A Nextflow DSL2 pipeline for pretext generation in curation

Awesome Lists containing this project

README

          

# ![sanger-tol/curationpretext](docs/images/curationpretext-light.png#gh-light-mode-only) ![sanger-tol/curationpretext](docs/images/curationpretext-dark.png#gh-dark-mode-only)

[![GitHub Actions CI Status](https://github.com/sanger-tol/curationpretext/actions/workflows/nf-test.yml/badge.svg)](https://github.com/sanger-tol/curationpretext/actions/workflows/nf-test.yml)
[![GitHub Actions Linting Status](https://github.com/sanger-tol/curationpretext/actions/workflows/linting.yml/badge.svg)](https://github.com/sanger-tol/curationpretext/actions/workflows/linting.yml)[![Cite with Zenodo](http://img.shields.io/badge/DOI-10.5281/zenodo.12773958-1073c8?labelColor=000000)](https://doi.org/10.5281/zenodo.12773958)
[![nf-test](https://img.shields.io/badge/unit_tests-nf--test-337ab7.svg)](https://www.nf-test.com)

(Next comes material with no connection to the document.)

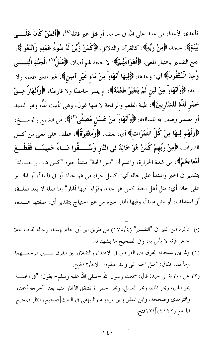 فأعدى الأعداء من عدا على الله في حرمه، أو قتل غير قاتله، (أَفَمَنْ كَانَ عَلَى بَيِّنَةٍ): حجة، (مِنْ رَبِّهِ): كالقرآن والدلائل، (كَمَنْ زُيِّنَ لَهُ سُوءُ عَمَلِهِ وَاتَّبَعُوا)، جمع الضمير باعتبار المعنى، (أَهْوَاءَهُمْ): لا حجة لهم أصلاً، (مَثَلُ الْجَنَّةِ الَّتِي وُعِدَ الْمُتَّقُونَ) أي: وعدها، (فِيهَا أَنْهَارٌ مِنْ مَاءٍ غَيْرِ آسِنٍ): غير متغير طعمه ولا ريحه، (وَأَنْهَارٌ مِنْ لَبَنٍ لَمْ يَتَغَيَّرْ طَعْمُهُ): لم يصر حامضًا ولا قارصًا، (وَأَنْهَارٌ مِنْ خَمْرٍ لَذَّةٍ لِلشَّارِبِينَ): طيبة الطعم والرائحة لا فيها غول، وهي تأنيث لَذ، وهو اللذيذ أو مصدر وصف به للمبالغة، (وَأَنْهَارٌ مِنْ عَسَلٍ مُصَفًّى): من الشمع والوسخ، (وَلَهُمْ فِيهَا مِنْ كُلِّ الثَّمَرَاتِ) أي: بعضه، (وَمَغْفِرَةٌ)، عطف على معنى من كل الثمرات، (مِنْ رَبِّهِمْ كَمَنْ هُوَ خَالِدٌ فِي النَّارِ وَسُقُوا مَاءً حَمِيمًا فَقَطَّعَ أَمْعَاءَهُمْ): من شدة الحرارة، واعلم أن " مثل الجنة " مبتدأ خبره " كمن هو خالد " بتقدير في الخبر والمبتدأ على حاله أي: كمثل جزاء من هو خالد أو في المبتدأ، أو الخبر على حاله أي: مثل أهل الجنة كمن هو خالد وقوله " فيها أنهار " إما صلة لا بعد صلة، أو استئناف، أو مثل مبتدأ، وفيها أنهار خبره من غير احتياج بتقدير أي: صفتها هذه،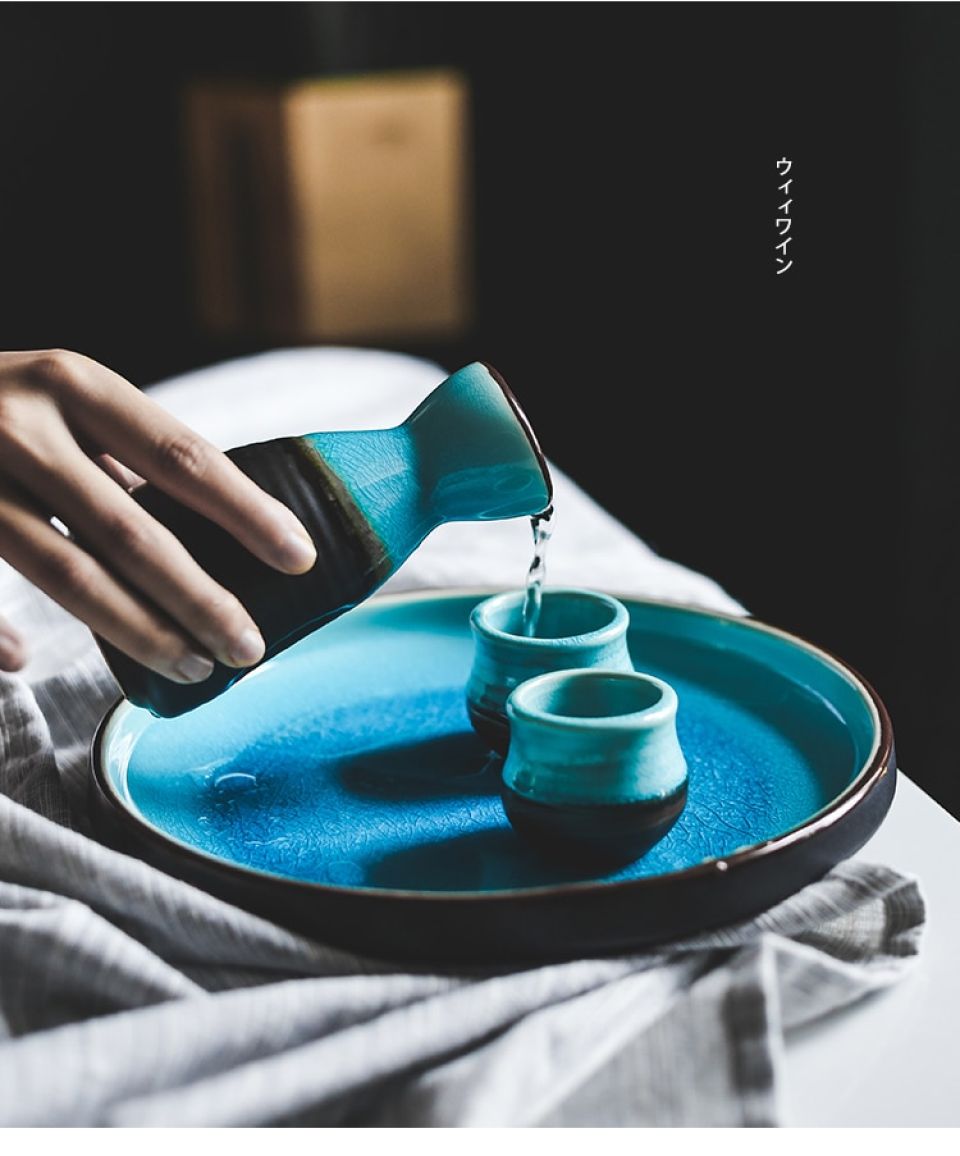 - The set consists of a bottle, 2 or 4 wine cups, and a base plate. All of them are Lake Blue and matte black with colored intricacies on the surface. A three-dimensional sensational beauty!

[![Nextflow](https://img.shields.io/badge/version-%E2%89%A525.04.0-green?style=flat&logo=nextflow&logoColor=white&color=%230DC09D&link=https%3A%2F%2Fnextflow.io)](https://www.nextflow.io/)
[![nf-core template version](https://img.shields.io/badge/nf--core_template-3.5.2-green?style=flat&logo=nfcore&logoColor=white&color=%2324B064&link=https%3A%2F%2Fnf-co.re)](https://github.com/nf-core/tools/releases/tag/3.5.2)
[![run with conda](http://img.shields.io/badge/run%20with-conda-3EB049?labelColor=000000&logo=anaconda)](https://docs.conda.io/en/latest/)
[![run with docker](https://img.shields.io/badge/run%20with-docker-0db7ed?labelColor=000000&logo=docker)](https://www.docker.com/)
[![run with singularity](https://img.shields.io/badge/run%20with-singularity-1d355c.svg?labelColor=000000)](https://sylabs.io/docs/)
[![Launch on Seqera Platform](https://img.shields.io/badge/Launch%20%F0%9F%9A%80-Seqera%20Platform-%234256e7)](https://cloud.seqera.io/launch?pipeline=https://github.com/sanger-tol/curationpretext)

## Introduction

**sanger-tol/curationpretext** is a bioinformatics pipeline typically used in conjunction with [TreeVal](https://github.com/sanger-tol/treeval) to generate pretext maps (and optionally telomeric, gap, coverage, and repeat density plots which can be ingested into pretext) for the manual curation of high quality genomes.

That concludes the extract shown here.